Over the next several months, I visited several wakes of
friends’ dead relatives and most of them, if not all, found deep solace in
finding their dear departed appearing serene and at ease that the condoling
words “Mas masaya na siya ngayon,” is
taken literally, rather than figuratively.
This visual consolation, I realize, is the priceless byproduct of the
makeup artist for the dead – the mortician, whose representatives are the
subjects of this ethnography.
Fear of the dead as a
cultural phenomenon
Most people in a society have the tendency to distance
themselves from jobs that are risqué such as prostitution, or violent such as
gun-for-hire, or strange and grotesque such as embalming or beautifying
cadavers. This aversion of the masses,
too, extends to the people who have chosen or are already involved in such
careers. Thus, while an adult who is a
full-fledged mortician will no longer get as much ridicule or raised eyebrows,
she would still get her fair share of encounters with people, especially those that
do not know her personally, who would surreptitiously give her a polite smile
and a cold shoulder when they learn that she makes dead people beautiful for a
living.
On the other hand, when a Filipino child is asked what he or
she wants to be when she is old enough, a typical answer would be to become a
doctor, or an engineer, or a nurse, or any mainstream profession that readily
commands esteem, recognition, and – to a great extent -- handsome
remuneration. Curiously, a child who
says she wants to be a mortician will, in most social settings that are
divorced from the context in which the statement is made, be looked upon as
troubled or has a strange affinity for the macabre and the morbid, and thus
should be referred to his/her parents for guidance, or to the nearest
psychologist for evaluation and, if deemed necessary, intervention.

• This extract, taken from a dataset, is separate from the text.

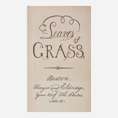 A scarce and handsome third edition of Whitman's Leaves of Grass. This binding is preceded only by the rare advance review copies bound in brown wrappers.

This unfair assessment of people working in non-mainstream
industries, in this case, cadaver preparation, has been brought about, rightly
or wrongly, by misplaced judgments based on a combination of ignorance of the
industry, its workers and practices, and the almost paralyzing fear of the
unknown still prevalent among many Filipinos, especially of the spirit world in
which the dead body is supposed to be handled with extreme care, if not reverence
or else its unhappy spirit may haunt the living.
In her
essay (Constantino, 1966) entitled The Filipino mental make-up
and science, Josefina Constantino describes the Filipino’s lack of objectivity,
thusly:
The
Filipino loves a sense of Oriental Mysticism: a kind of exotic, secret darkness
conducive to a sense of mystery. But a
whole enveloping sense of the supernatural needs a continuing
intellectualization in order to render the vagueness of Oriental faith more
coherently luminous and intellectualized.

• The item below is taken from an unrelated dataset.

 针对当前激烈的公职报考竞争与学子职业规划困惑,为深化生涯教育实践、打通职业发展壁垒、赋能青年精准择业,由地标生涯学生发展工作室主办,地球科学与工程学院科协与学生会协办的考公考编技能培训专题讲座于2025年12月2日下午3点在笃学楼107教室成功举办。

In general, therefore, one can say that the Oriental deification of
natural forces prevents their analytical and objective study of forces apart
from their faith.
This concept of overlapping worlds of the living and the dead
is nothing new and has been part of many cultures for ages, passing from one
generation to another because there is neither a force or phenomenon big and
sustainable enough that can unsettle this belief, which could lead to a
significant shift in attitude. Roger
Keesing in a paper he wrote entitled Theories of Culture (Keesing, 1974), cites that cultural behavioral pattern
is socially transmitted and that it serves to relate human communities to their
ecological settings, which, in this case, extends to the spirit world and the
notions and connotations contingent to its interpretations and conceptions, the
real and the imagined.
THE APPROACH
This ethnography will show how the interlocutors found
themselves in such a committed state to beautifying the dead despite the social
norms that have placed them and their kind on the periphery of the mainstream, and
the ways and means in which they learned, honed and improved on the skills
needed in their chosen craft.
The researchers used personal interview as its main source of
information, which is supplemented by observation of verbal and physical cues.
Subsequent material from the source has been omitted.